§ DATASET RECORDS:
★ ★ ★ ★ ★
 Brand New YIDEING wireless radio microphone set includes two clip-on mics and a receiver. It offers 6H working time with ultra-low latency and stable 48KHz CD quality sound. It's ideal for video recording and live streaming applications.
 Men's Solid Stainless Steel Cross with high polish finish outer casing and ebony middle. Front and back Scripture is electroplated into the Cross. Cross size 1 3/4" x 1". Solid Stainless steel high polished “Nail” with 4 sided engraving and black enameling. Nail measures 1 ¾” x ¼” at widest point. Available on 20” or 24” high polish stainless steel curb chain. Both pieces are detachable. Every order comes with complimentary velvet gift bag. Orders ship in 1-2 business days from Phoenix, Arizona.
★ ★ ★ ★ ★
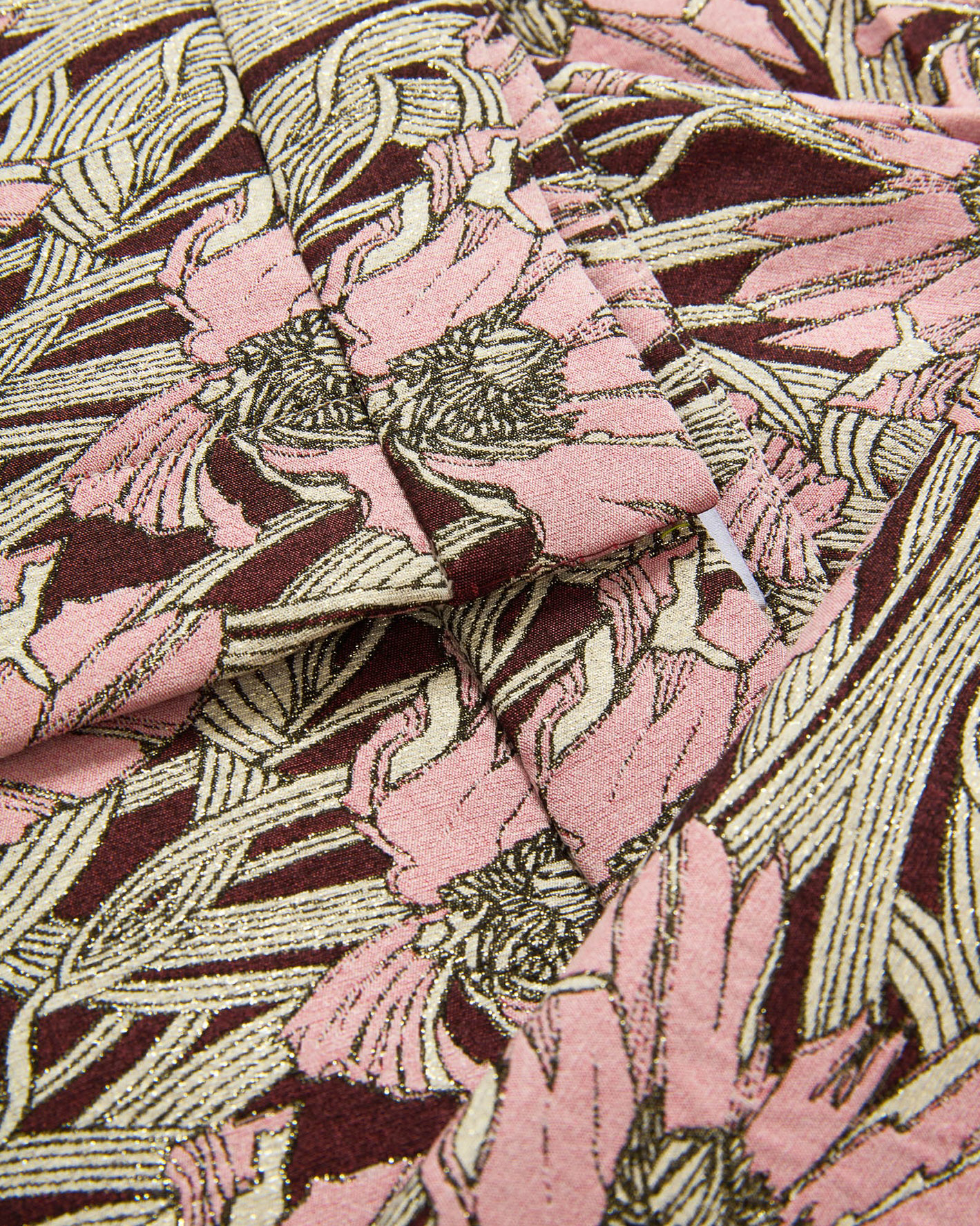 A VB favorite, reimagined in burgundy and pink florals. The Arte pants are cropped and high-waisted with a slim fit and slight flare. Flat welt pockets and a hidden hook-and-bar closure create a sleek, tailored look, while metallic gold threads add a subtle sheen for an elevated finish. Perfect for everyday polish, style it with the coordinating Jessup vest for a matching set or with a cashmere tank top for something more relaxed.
★ ★ ★ ★ ★
§ WHAT YOU WILL DO:
Repeat exactly the lines of the listing above, from the one with "Brand New YIDEING" down to the one with "Men's Solid Stainless"; both of those lines belong in the range.

§ TASK RESULT:
 Brand New YIDEING wireless radio microphone set includes two clip-on mics and a receiver. It offers 6H working time with ultra-low latency and stable 48KHz CD quality sound. It's ideal for video recording and live streaming applications.
 Men's Solid Stainless Steel Cross with high polish finish outer casing and ebony middle. Front and back Scripture is electroplated into the Cross. Cross size 1 3/4" x 1". Solid Stainless steel high polished “Nail” with 4 sided engraving and black enameling. Nail measures 1 ¾” x ¼” at widest point. Available on 20” or 24” high polish stainless steel curb chain. Both pieces are detachable. Every order comes with complimentary velvet gift bag. Orders ship in 1-2 business days from Phoenix, Arizona.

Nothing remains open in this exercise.